Nintendo Land also ultimately failed to do for the Wii U what Wii Sports did for the Wii. Motion controls were simple to describe and advertise to the general public; anyone can imagine themselves swinging a Wii Remote like a sword, just like they used twigs in the front yard when playing outside with their friends. And since the Wii system only cost $250, many people were willing to take the dive, especially if they had already tried it at someone else’s house. Asymmetric multiplayer, on the other hand, is a much more abstract concept that didn’t easily lend itself to a strong marketing campaign.
Finally, the promised support from third parties never really materialized. Outside of a few exclusive titles like ZombiU, Rabbids Land, and Scribblenauts Unlimited, most of the third party games available at the Wii U’s launch in November 2012 were ports of games that were also available on other consoles, and support tapered off from there. Major titles on the Xbox One and PS4 either arrived late to the Wii U (such as Watch_Dogs) or skipped the Wii U entirely (such as Activision’s new hit shooter Destiny).
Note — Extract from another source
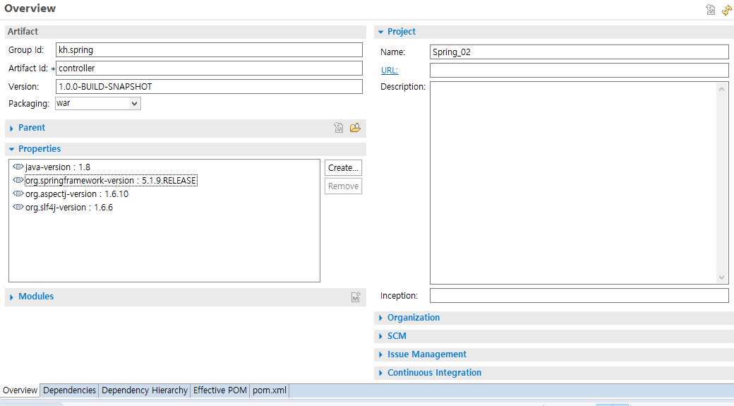 1. 다른 XML(root-context.xml)을 가동해라 > 비어있음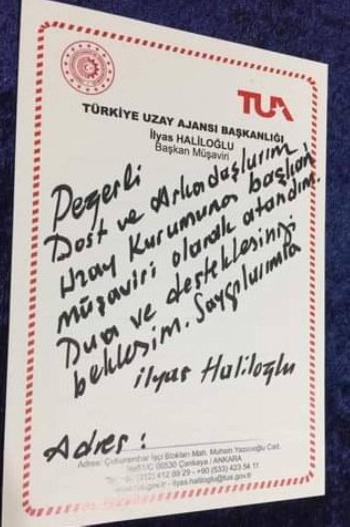 "Değerli dost ve arkadaşlarım; Türkiye Uzay Ajansı Kurumuna, Başkan Müşaviri olarak atandım. Dua ve desteklerinizi her zaman beklerim. Saygılarımla"

The “unprecedented partnership” with EA produced only a few sports games and a couple of other ports, and less than two years after Riccitiello spoke on stage, EA announced that they had no more games in development for the platform. Core gamers, who had long ago grown wary of Nintendo and quickly saw that the Wii U would not have much more third party support than its predecessor, opted to wait for Sony and Microsoft’s new consoles rather than invest in Nintendo’s new system. Having failed to win back these customers (and having lost the more casual gamers that flocked to the Wii), the only audience left picking up the Wii U are Nintendo’s most dedicated fans; while these fans faithfully pick up Nintendo’s biggest games, there simply aren’t enough of them for the Wii U to keep pace with Sony or Microsoft’s surging new consoles.
In the end, Nintendo found that what works for one console, with one set of wild innovations, doesn't necessarily work for another console with its own strengths and weaknesses. What made the Wii such a success…
+ A simple, accessible new controller that almost anyone could learn.
+ A game (Wii Sports) that successfully showcased the controller.
…was not easily repeated with the Wii U, which was already hampered by other poor decisions that Nintendo had made. Altogether, these problems…
- A new controller that didn't naturally attract either casual audiences or core gamers.
- Nintendo Land's failure to win many people over to the gamepad.
- The confusing name and marketing, which led people to believe that the Wii U was just an add-on to the Wii.
- The empty promise of renewed third party support, and the subsequent failure to bring core gamers back into the fold.
…have set Nintendo back to where they were with the Gamecube, struggling to find an audience and keep pace with their competitors. While new technology can help a company stand out, Nintendo may want to avoid betting the farm on just one key innovation for future consoles.